KDGL
- Yucca Valley, California; United States;
- Broadcast area: Coachella Valley
- Frequency: 106.9 MHz
- Branding: The Eagle 106.9

Programming
- Format: Classic hits
- Affiliations: Compass Media Networks; Premiere Networks; United Stations Radio Networks; Coachella Valley Firebirds;

Ownership
- Owner: Connoisseur Media; (Alpha Media Licensee LLC);
- Sister stations: KCLB-FM; KCLZ; KDES-FM; KKUU; KNWZ; KPSI-FM;

History
- First air date: August 1988
- Former call signs: KROR (1984–1994); KNWZ-FM (1994–1996); KSES (1996–1998); KYOR-FM (2/1998-3/1998); KYOR (1998–2004);
- Call sign meaning: "The Eagle"

Technical information
- Licensing authority: FCC
- Facility ID: 14058
- Class: B
- ERP: 4,000 watts
- HAAT: 418 meters (1,371 ft)
- Transmitter coordinates: 34°4′55″N 116°20′35″W﻿ / ﻿34.08194°N 116.34306°W
- Repeater: 106.9 KDGL-FM1 (Palm Springs)

Links
- Public license information: Public file; LMS;
- Webcast: Listen live
- Website: www.theeagle1069.com

= KDGL =

Radio station in Yucca Valley, California

KDGL (106.9 FM, "The Eagle") is a classic hits radio station serving the Coachella Valley and Morongo Basin markets of inland Southern California.

KDGL's studios are located at 1321 North Gene Autry Trail in Palm Springs, California. KDGL's main transmitter is located on the southeast corner of Yucca Valley, California, just north of Joshua Tree National Park.

==History==
KDGL began broadcasting as KROR, a country music–formatted station, in August 1988. It was originally owned by Corinthians XIII Broadcasting Company. The next year, it was approved to expand to two translators on 92.1 (Note: Changed to 94.3 MHz as K232CX in 1994.) and 103.9 MHz, improving its coverage of the Coachella Valley from sites on Snow Peak and Edom Hill.

In 1994, KROR was purchased by the owners of KNWZ (1270 AM) to be converted to an FM simulcast of news/talk station K-News. The simulcast was split for Anaheim Angels baseball broadcasts, which were only heard on AM. In 1996, KNWZ-FM dropped the simulcast and became KSES with a dance adult contemporary format branded as "Kiss FM."
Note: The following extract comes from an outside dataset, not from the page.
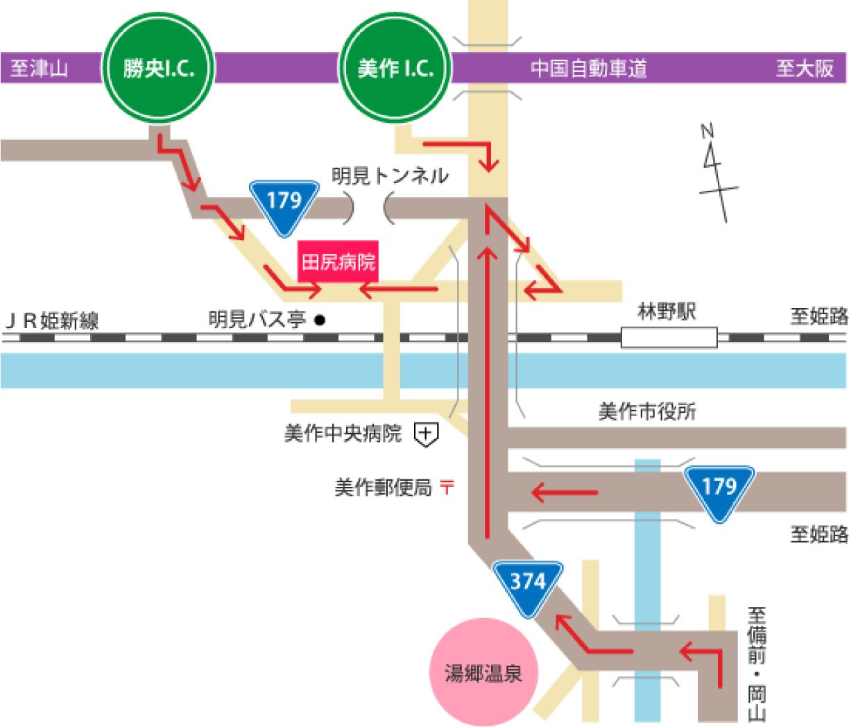 中国自動車道(大阪方面/津山方面)大阪方面から美作インターより車で5分
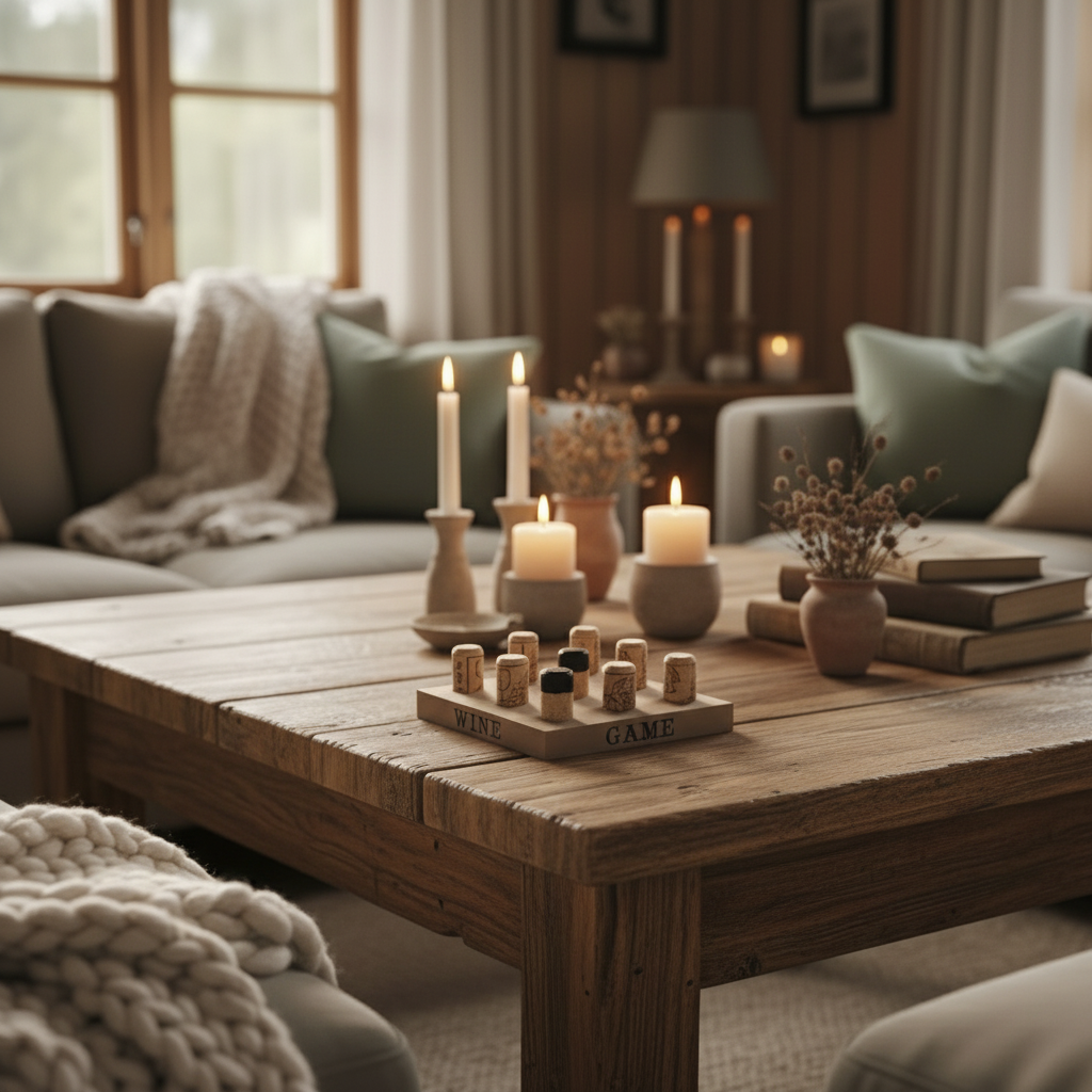 Spillsettet består av vinkorker som brukes som brikker til spillet og spillebrett. Spillet har et sjarmerende design som gjør at den er perfekt som pyntegjenstand hjemme eller på hytta.

Morris Communications acquired KSES and KNWZ from Country Club Communications in 1997. This was one of four simultaneous transactions that created a seven-station radio cluster known as the Desert Radio Group. KSES stunted with a country-oriented Christmas format at the end of 1997. As part of moves within the new Desert Radio Group cluster to reduce duplication among formats, KSES was flipped to adult contemporary under new KYOR call letters in March 1998.

In 2004, KYOR changed call signs to KDGL and adopted its present name and classic hits format. The last of the translators, K280CV (103.9 FM), was split off as a separate program service in 2012. All 34 Morris radio stations were acquired by Alpha Media in 2015. Alpha Media merged with Connoisseur Media on September 4, 2025.